## Task to complete
Could you copy word for word only the lines between the one containing "여자 하이힐 샌들 2024" and the end of the listing below, both included, and leave out the pictures?

## Dataset excerpt
---*---

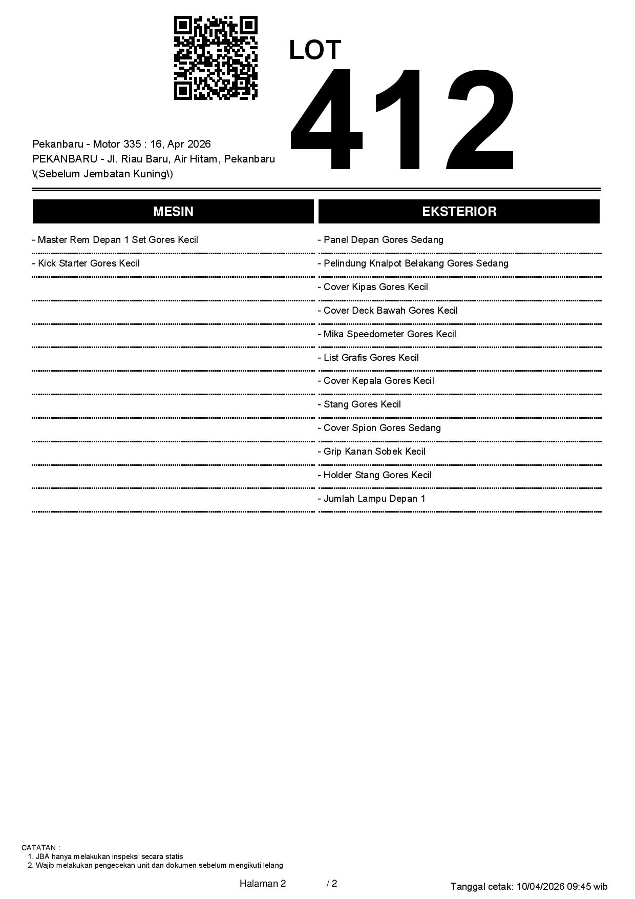 2. Peserta lelang wajib cek unit & dokumen
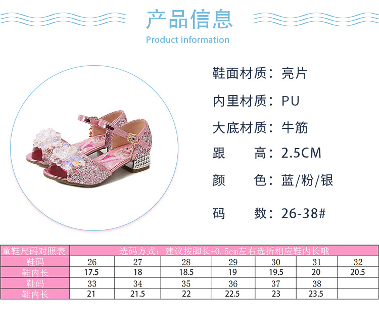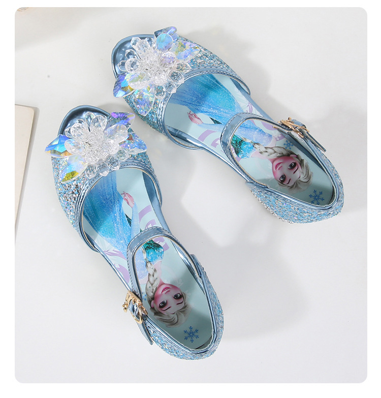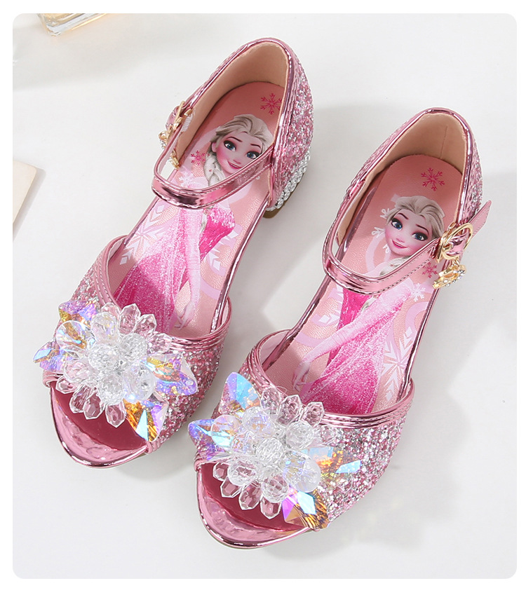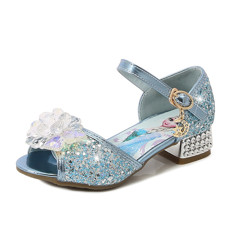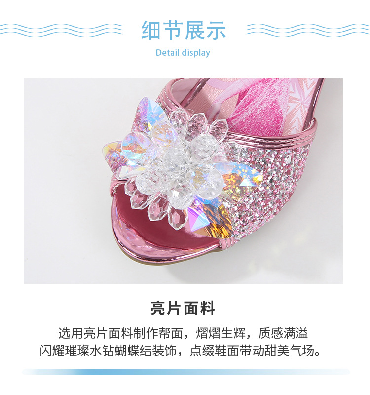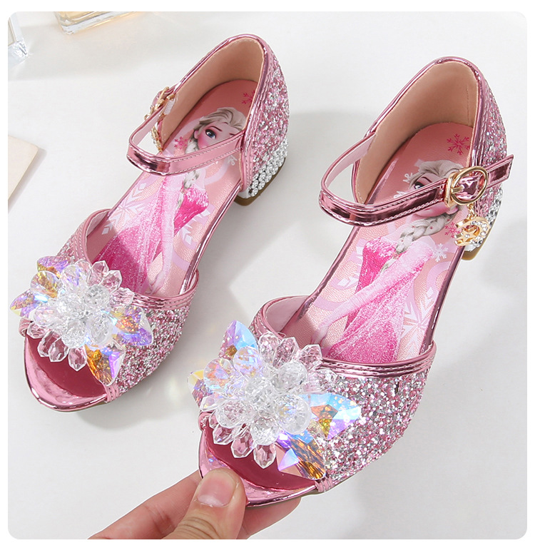 여자 하이힐 샌들 2024 여름 어린이 크리스탈 신발 큰 어린이 부드러운 바닥 얼음과 눈 공주 엘사 신발 미끄럼 방지스토어 가기
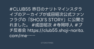 OTOKOTIMES @OtokoTimes1988 – 21:29・2024年10月25日 2024 10/25 2024-10-25 #CLUB55 昨日のナリトマインスタライブのアーカイブが成田昭次公式ファンフラグの「SHOJI’S STORY」に公開されました。 #成田昭次 #寺岡呼人 #プチ反省会 https://club55.shoji-narita.com/message/ Source:https://x.com/OtokoTimes1988/status/18497903398... text X Post この記事が気に入ったら フォローしてね! Follow @OtokoTimes1988 よかったらシェアしてね! URLをコピーしました! 青山英樹 @aoyama_hideki - 21:06・2024年10月25日 OTOKOTIMES @OtokoTimes1988 - 23:31・2024年10月25日

---*---

## Answer area
 여자 하이힐 샌들 2024 여름 어린이 크리스탈 신발 큰 어린이 부드러운 바닥 얼음과 눈 공주 엘사 신발 미끄럼 방지스토어 가기
 OTOKOTIMES @OtokoTimes1988 – 21:29・2024年10月25日 2024 10/25 2024-10-25 #CLUB55 昨日のナリトマインスタライブのアーカイブが成田昭次公式ファンフラグの「SHOJI’S STORY」に公開されました。 #成田昭次 #寺岡呼人 #プチ反省会 https://club55.shoji-narita.com/message/ Source:https://x.com/OtokoTimes1988/status/18497903398... text X Post この記事が気に入ったら フォローしてね! Follow @OtokoTimes1988 よかったらシェアしてね! URLをコピーしました! 青山英樹 @aoyama_hideki - 21:06・2024年10月25日 OTOKOTIMES @OtokoTimes1988 - 23:31・2024年10月25日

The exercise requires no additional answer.